→ **WORK ORDER**:
Except for the pictures, output the records in full and exactly.

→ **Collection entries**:
<<<<

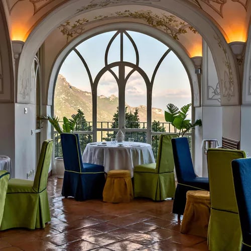 Perched within Villa Cimbrone's legendary gardens, this one-starred restaurant commands sweeping views of the Gulf of Salerno, wisteria cascading above its terrace as the Cilento mountains fade into distant haze. The Campanian chef works with exceptional local produce, delivering Mediterranean plates that carry the region's signature intensity—traditional preparations alongside dishes reimagined with contemporary precision. Advance reservations are essential for this deeply romantic setting.
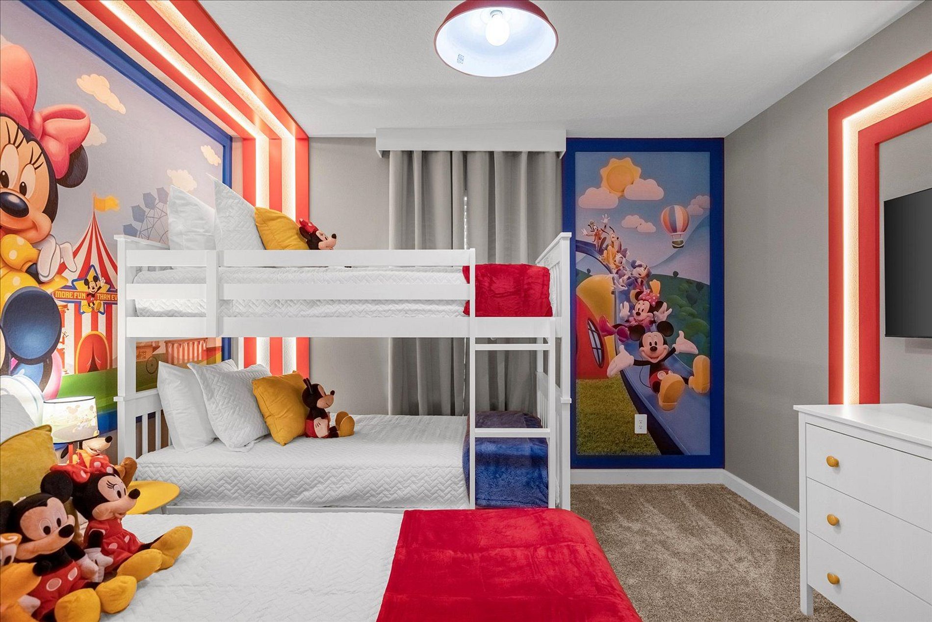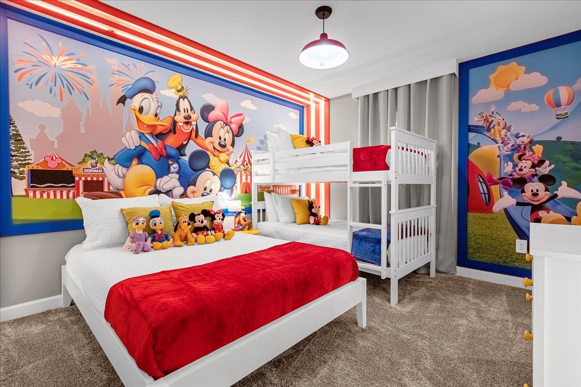 1 ° floor 1 bedroom, double bed; 1 full bathroom; 2nd Floor 1 bedroom, king-size bed. Suite; 1 Mickey Mouse room, with 1 double bed and 1 bunk bed (Twin); 1 Toy Story bedroom, 1 bunk bed (Full); The house has 1 suite.
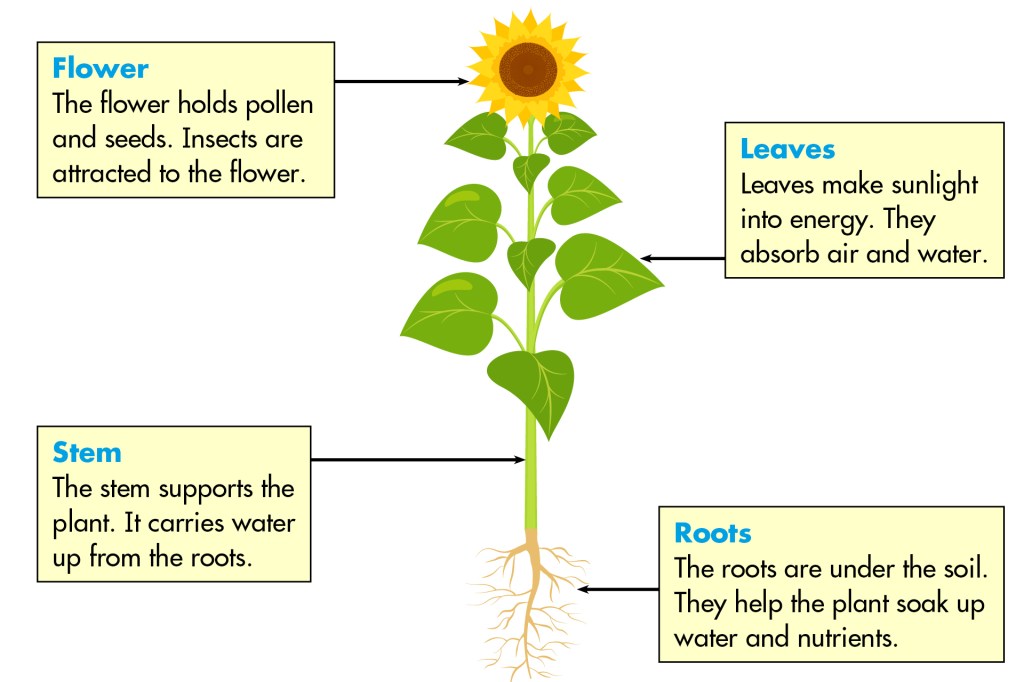 Plants are made up of different parts. Study this sunflower. Learn how each part helps it grow.
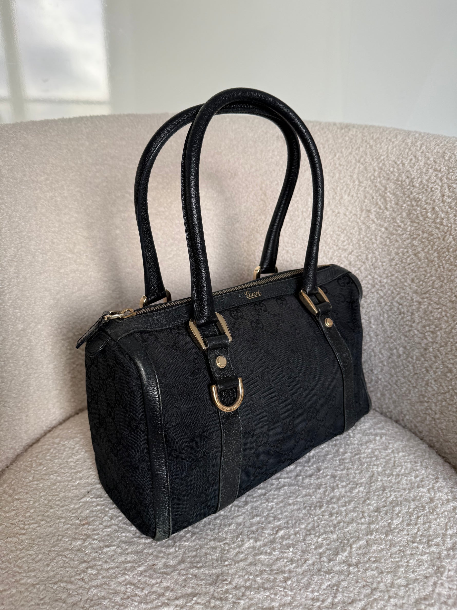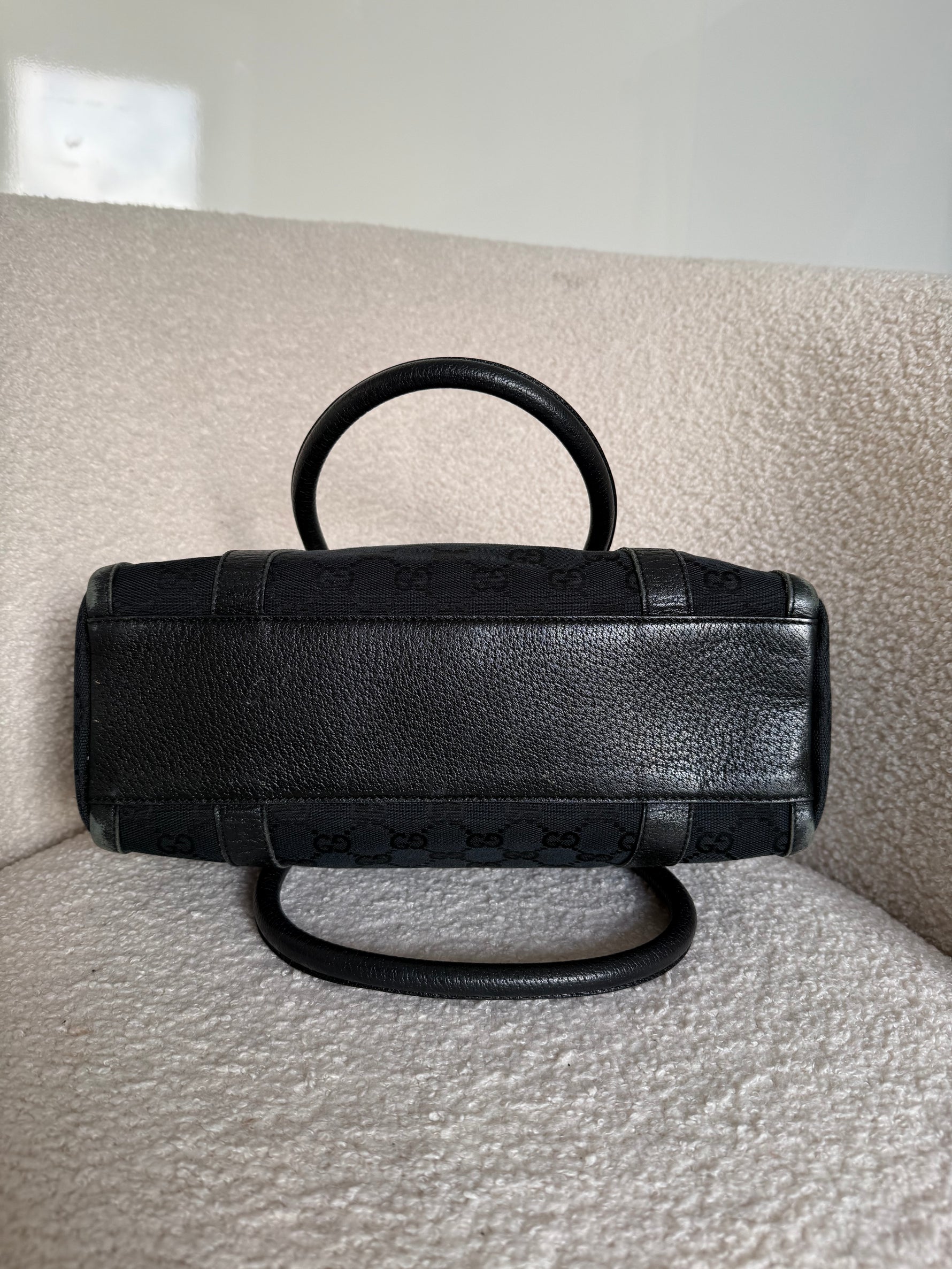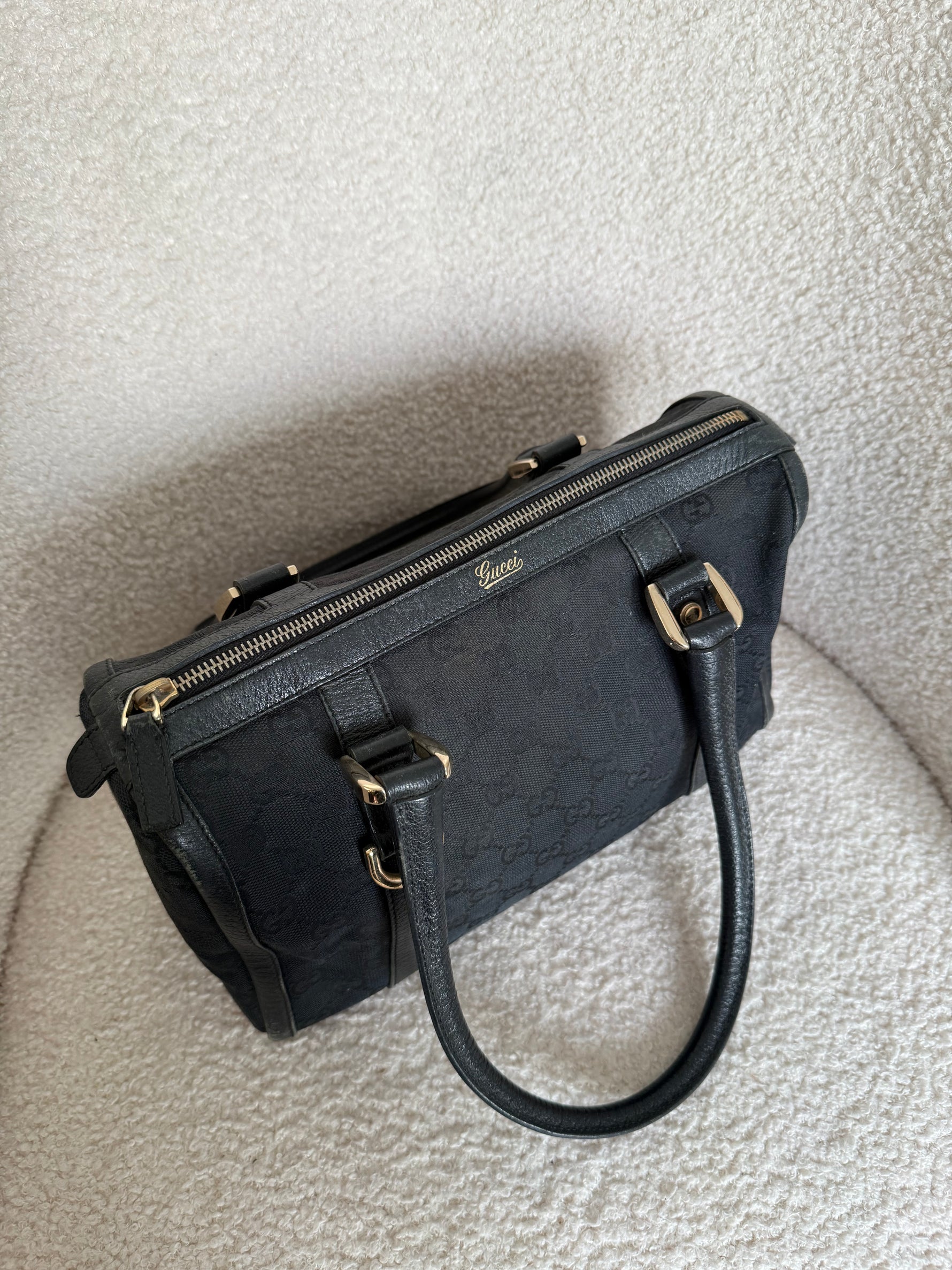 Vintage 90s Gucci Black Monogram Boston Handbag
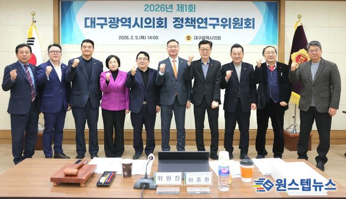 원스텝뉴스 이병희 기자 | 대구광역시의회는 2월 5일 오후 2시, 시의회 3층 회의실에서 ‘2026년 제1회 대구광역시의회 정책연구위원회’를 개최해, 2025년에 완료된 의원 정책연구의 추진 과정과 내용에 대한 적절성 등을 중점 점검하고, 2026년 상반기의 연구과제로 ‘대구·경북 의회통합 방안 연구’를 심의·의결했다.
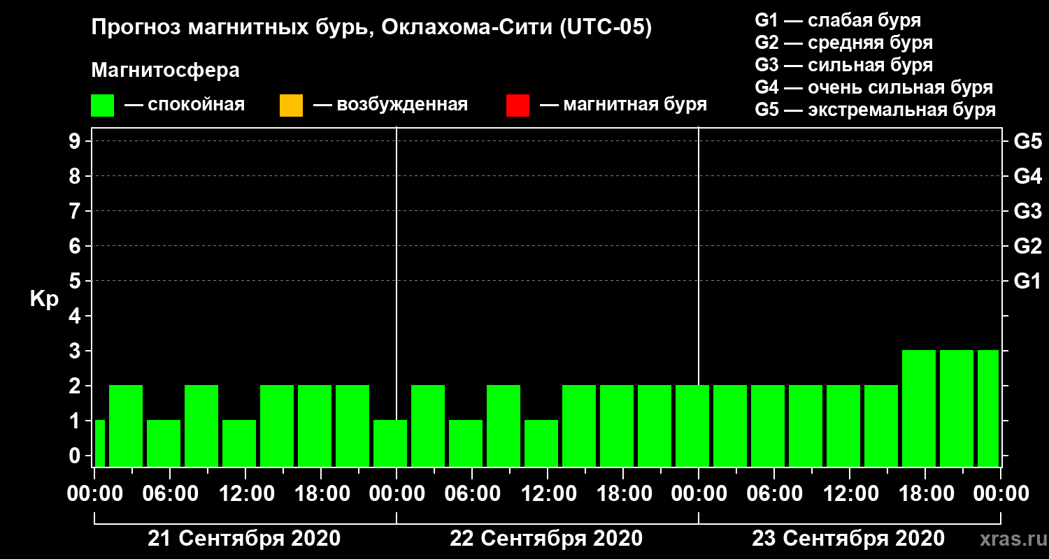 Прогноз магнитных бурь Оклахома-Сити — 21 сентября 2020 года

>>>>

→ **WRITTEN RESPONSE**:
 Perched within Villa Cimbrone's legendary gardens, this one-starred restaurant commands sweeping views of the Gulf of Salerno, wisteria cascading above its terrace as the Cilento mountains fade into distant haze. The Campanian chef works with exceptional local produce, delivering Mediterranean plates that carry the region's signature intensity—traditional preparations alongside dishes reimagined with contemporary precision. Advance reservations are essential for this deeply romantic setting.
 1 ° floor 1 bedroom, double bed; 1 full bathroom; 2nd Floor 1 bedroom, king-size bed. Suite; 1 Mickey Mouse room, with 1 double bed and 1 bunk bed (Twin); 1 Toy Story bedroom, 1 bunk bed (Full); The house has 1 suite.
 Plants are made up of different parts. Study this sunflower. Learn how each part helps it grow.
 Vintage 90s Gucci Black Monogram Boston Handbag
 원스텝뉴스 이병희 기자 | 대구광역시의회는 2월 5일 오후 2시, 시의회 3층 회의실에서 ‘2026년 제1회 대구광역시의회 정책연구위원회’를 개최해, 2025년에 완료된 의원 정책연구의 추진 과정과 내용에 대한 적절성 등을 중점 점검하고, 2026년 상반기의 연구과제로 ‘대구·경북 의회통합 방안 연구’를 심의·의결했다.
 Прогноз магнитных бурь Оклахома-Сити — 21 сентября 2020 года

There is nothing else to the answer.